In my experience aloe doesn't scorch. If you use aloe juice it is like dissolving the lye in water -- really easy. Let us know how it goes!


----------



## Todd Ziegler (Jan 29, 2020)

I really want to know how it works for you too. I am considering doing the same thing.


----------



## lisa101 (Jan 29, 2020)

atiz said:


> In my experience aloe doesn't scorch. If you use aloe juice it is like dissolving the lye in water -- really easy. Let us know how it goes!


I’m planning on having a go tomorrow, I’ll let you know how I get on. Thanks very much for your help


----------



## lisa101 (Jan 29, 2020)

Todd Ziegler said:


> I really want to know how it works for you too. I am considering doing the same thing.


I’ll let you know how it goes


----------



## Todd Ziegler (Jan 29, 2020)

lisa101 said:


> I’ll let you know how it goes


What strength of Aloe vera powder are you using? I have some 100X and 200X concentration powder.


----------



## lisa101 (Jan 30, 2020)

So far, so good. I added it to the lye water and blended it in but there was a few bits that didn’t seem to want to dissolve. I put it in when it was cool. Should I have added it when the water was still 



 hot?  The lye water went really dark brown but I think that might be because I had a tsp of salt and sugar in there too. 
It seemed to trace slightly faster than normal but not massively. 
It’s still too soft to cut atm but I’ll post a pic when I’ve done it. 
Todd Ziegler it was just the normal strength organic powder I used.


----------



## Todd Ziegler (Jan 30, 2020)

lisa101 said:


> So far, so good. I added it to the lye water and blended it in but there was a few bits that didn’t seem to want to dissolve. I put it in when it was cool. Should I have added it when the water was still View attachment 43650
> hot?  The lye water went really dark brown but I think that might be because I had a tsp of salt and sugar in there too.
> It seemed to trace slightly faster than normal but not massively.
> It’s still too soft to cut atm but I’ll post a pic when I’ve done it.
> Todd Ziegler it was just the normal strength organic powder I used.


I had similar questions about honey powder.
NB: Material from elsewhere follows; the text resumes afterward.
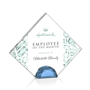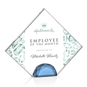 The Deerfield award features a Starfire Crystal diamond wedged between two Sky Blue diamonds. Let your message POP with VividPrint

The advice I got was to mix it in your water and then add your lye to it. But if your way works then that's just fine.


----------



## lisa101 (Jan 30, 2020)

Todd Ziegler said:


> I had similar questions about honey powder. The advice I got was to mix it in your water and then add your lye to it. But if your way works then that's just fine.


Thanks for that. I’ll do it that way next time and see if it makes any difference


----------



## Obsidian (Jan 30, 2020)

Yes, you always want to dissolve your powders in the water before adding the lye.

I use aloe juice as a total water replacement, it never scorches or smells. It just as easy as plain water.


----------



## lisa101 (Jan 31, 2020)

Obsidian said:


> Yes, you always want to dissolve your powders in the water before adding the lye.
> 
> I use aloe juice as a total water replacement, it never scorches or smells. It just as easy as plain water.


That’s very helpful. Thank you


----------



## gloopygloop (Jan 31, 2020)

Do people who use aloe in their soaps honestly find it soothing or making an actual difference on the skin or any other particular feel. Is it just a placebo effect and scientifically not really doing anything? I ask as I have never used it. I cannot honestly say that calendula for example soothes the skin in soaps despite its reputation, great for colouring but no difference in feel IMHO.


----------



## Obsidian (Jan 31, 2020)

I don't find it soothing at all. What it does do is boost the lather and help create bigger bubbles, at least with my recipe.

Sugar, milk, beer, all the other additives that are popular for increasing lather just don't work for me. Aloe does and it is a noticable difference.


----------



## gloopygloop (Jan 31, 2020)

Obsidian said:


> I don't find it soothing at all. What it does do is boost the lather and help create bigger bubbles, at least with my recipe.
> 
> Sugar, milk, beer, all the other additives that are popular for increasing lather just don't work for me. Aloe does and it is a noticable difference.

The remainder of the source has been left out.